Curious if anyone has any input on this light:

http://cgi.ebay.com/24-30-T5-HO-Light-Hood-Aquarium-Marine-Cichlid-48W-/110611772602?pt=LH_DefaultDomain_0&hash=item19c0f9b4ba#ht_1476wt_907

I'm looking for some new T5HO lights but am on a tight budget. The other one that I was looking at was this:

http://www.petco.com/product/111939/Zoo-Med-AquaSun-T-5-HO-Double-Light-Linear-Fluorescent-Hood.aspx?CoreCat=OnSiteSearch

Or even this:

http://www.fosterandsmithaquatics.com/product/prod_display.cfm?c=3578+3733+22442&pcatid=22442&s=lh

Any advice?


----------



## joshvito (Apr 6, 2009)

you may want to check out http://www.fishneedit.com/t5ho-ligh.html
I haven't ordered from there, but have read good things on this forum.

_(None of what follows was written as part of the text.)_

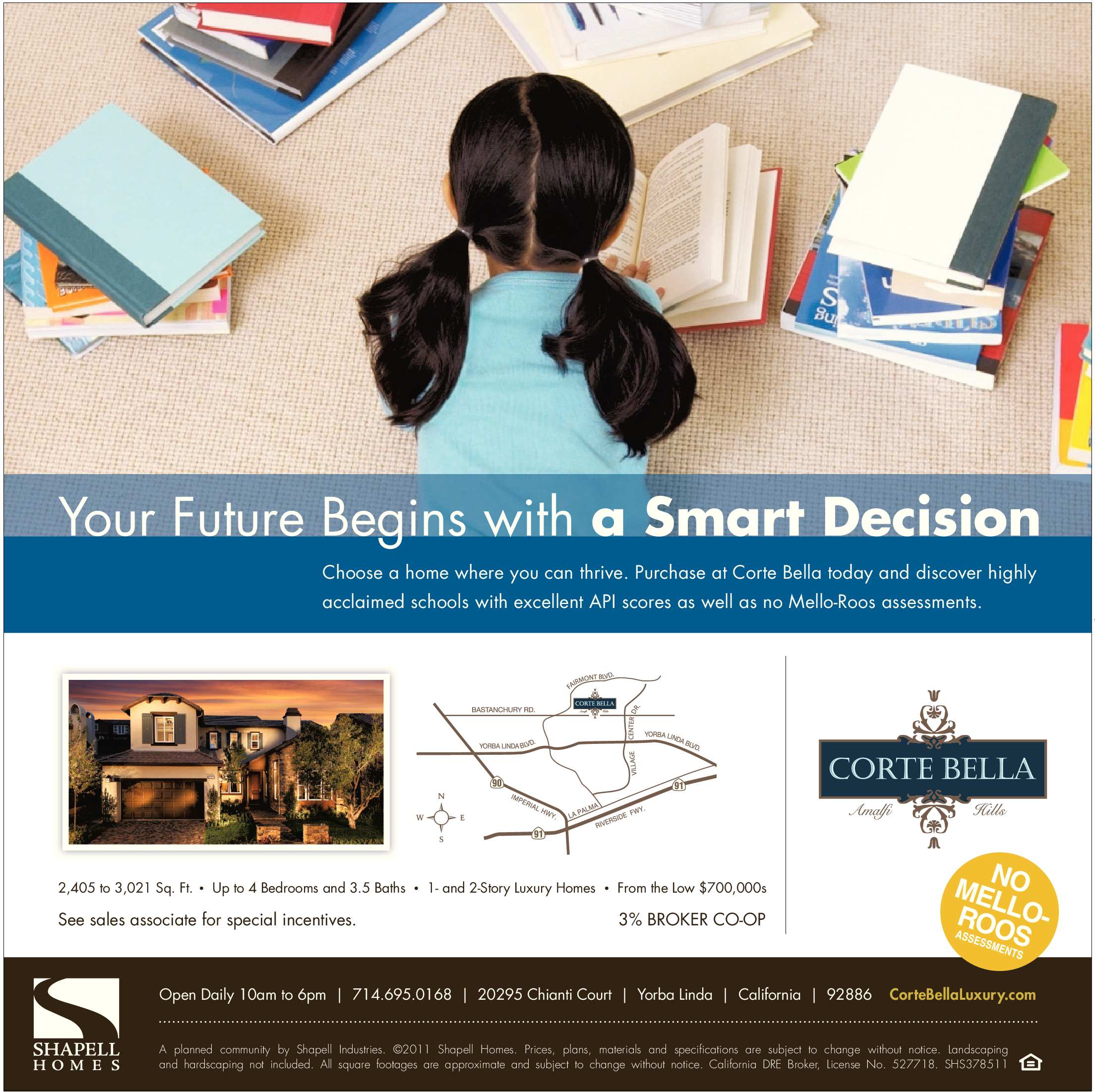 Your Future Begins with a Smart Decision Choose a home where you can thrive. Purchase at Corte Bella today and discover highly acclaimed schools with excellent API scores as well as no Mello-Roos assessments. 2,405 to 3,021 Sq. Ft. • Up to 4 Bedrooms and 3.5 Baths • 1- and 2-Story Luxury Homes • From the Low $700,000s See sales associate for special incentives. 3% BROKER CO-OP Open Daily 10am to 6pm | 714.695.0168 | 20295 Chianti Court | Yorba Linda | California | 92886 CorteBellaLuxury.com A planned community by Shapell Industries. ©2011 Shapell Homes. Prices, plans, materials and specifications are subject to change without notice. Landscaping and hardscaping not included. All square footages are approximate and subject to change without notice. California DRE Broker, License No. 527718. SHS378511

I am a big fan of Current USA fixtures, I get mine from Bigalsonline
http://www.bigalsonline.com/Fish_Lighting_Light-Fixtures_T5-HO-T5_Nova-Extreme-T5-High-Output-X2-Lighting-Fixtures_9916161_82.html?tc=fish


----------



## JEden8 (Nov 11, 2010)

Thanks for the reply johsvito. Those lights look like a better deal. The ones on ebay were a setup for a marine that I just realized and the one at Petco did not come with any bulbs. I also came across this as well:

http://www.ahsupply.com/36-55w.htm

If I did just 1 55 watt 6700K light and mount it in my old Aqueon lid? From the specs everything should fit in there.


----------



## plamski (Oct 27, 2009)

I have 4 of those Odyssea fixtures with 6700K bulbs for more than 1.5 years-very happy


----------